Exercise directions
Among the records below, find the lines with the word "ahir" and copy them.
Supplied information section start
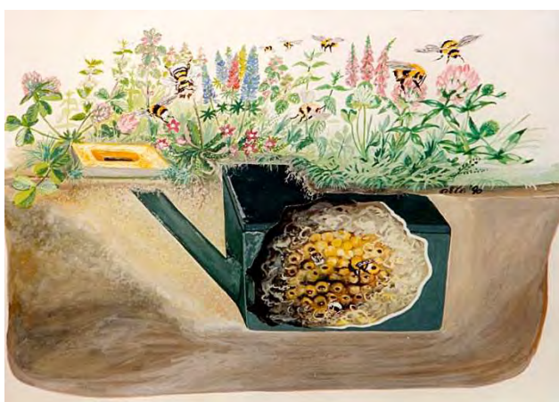
Figuur 5. Schwegler Hummelnestkasten unterirdisch.

en beschut staan. Een rustig plekje in de tuin dat 's morgens door de zon wordt beschenen en 's middags niet in de felle zon staat, is ideaal. Belangrijk is verder dat de ingang van de kast goed contrasteert tegen de achtergrond. De ingang van de kast moet er van veraf dus uitzien als een zwarte vlek tegen een lichtere achtergrond (Fig. 5). Zo wordt het gemakkelijker voor een hommelmkoningin om de nestkast te ontdekken. Zet tenslotte de kast bij voorkeur niet bij mieren nesten in de buurt. Mocht je later toch een keer merken dat mieren aanstalten maken om het hommelnest te belegeren dan kun je het kastje op een plateau zetten in een met water gevulde bak zodat er als het ware een gracht rond het nest zit. Maak die gracht echter niet te breed want ook hommels kunnen er per ongeluk in vallen en verdrinken!
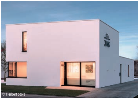
3100-0033 Arztpraxis, Oralchirurgie, Kinderzahnheilkunde Sonstige Gebäude

PURE GRUPPE Architektengesellschaft mbH Regensburg
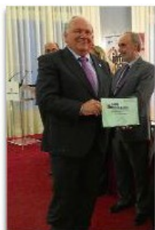
L'alcaldede Llagostera, ahir.

BARCELONA | ACN/DDG Els webs de 48 ajuntaments catalans, entre els quals es trobaven els de Llagostera i Celrà, van rebre ahir distincions a la qualitat i la transparència a través del Segell Infoparticipa, un distintiu creat pel Laboratori de Periodisme i Comunicació per a la Ciutadania Plural (LPCCP) de la UAB.
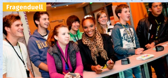
Spielend über Alltagsdrogen informieren
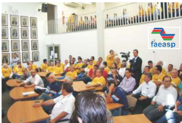
Representantes das federadas aguardam momento do voto no Plenário da Câmara

apresentarem suas opiniões, decidiu-se pela composição de uma Chapa onde seus integrantes fossem indicados pelas associações, através de suas Uniões. Para isso, levantaram as Uniões que se reuniam frequentemente e que comprovavam suas atividades através de atas, sendo elas a UNARO - União das Associações da Região Oeste de São Paulo, UALP - União das Associações do Litoral Paulista, UNAOP - União das Associações do Oeste Paulista, UNO - União das Associações do Noroeste Paulista, UNACEN - União das Associações do Centro Norte, UNABAMM - União das Associações da Baixa e Média Mogiana, UNABAT - União das Associações do Alto Tietê, UNASP - União das Associações do Sudoeste Paulista, UNAVAP - União das Associações do Vale do Paraíba e UNASETE - União das Associações das Sete Cidades do ABC e decidiram que os Coordenadores dessas Uniões seriam convidados para participar da próxima reunião, realizada no dia onze de abril, no mesmo local.
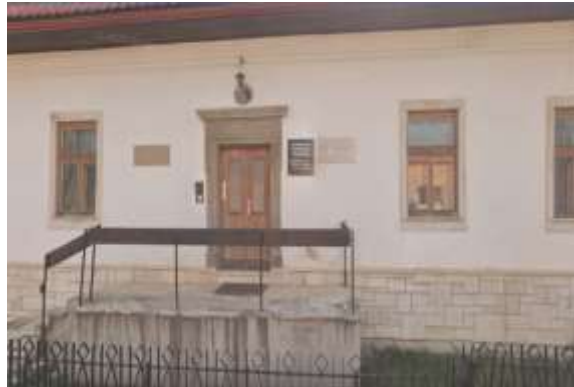
Obr. 1 fara Batizovce
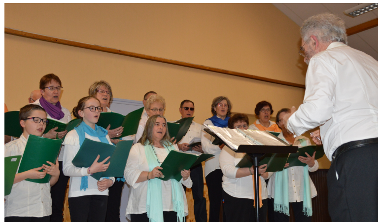
Inter Chorales le 7 avril organisée par la Chorale d'Ecotay
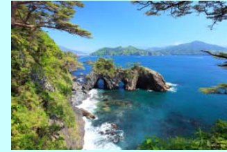
(大船渡市入込客数：100万人/年)
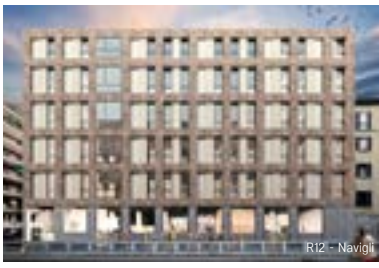
R12 - Navigli
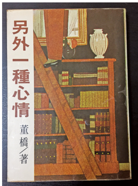
董橋臺灣第一本書《另外一種心情》，1980年遠景初版。

以前出版散文集，大多將某專欄文字收集成冊，或累積一定時間之後，將足量文章集印成書。簡言之，皆是「散篇」文章「集合體」，名
Supplied information section end
Response to the task
L'alcaldede Llagostera, ahir.
BARCELONA | ACN/DDG Els webs de 48 ajuntaments catalans, entre els quals es trobaven els de Llagostera i Celrà, van rebre ahir distincions a la qualitat i la transparència a través del Segell Infoparticipa, un distintiu creat pel Laboratori de Periodisme i Comunicació per a la Ciutadania Plural (LPCCP) de la UAB.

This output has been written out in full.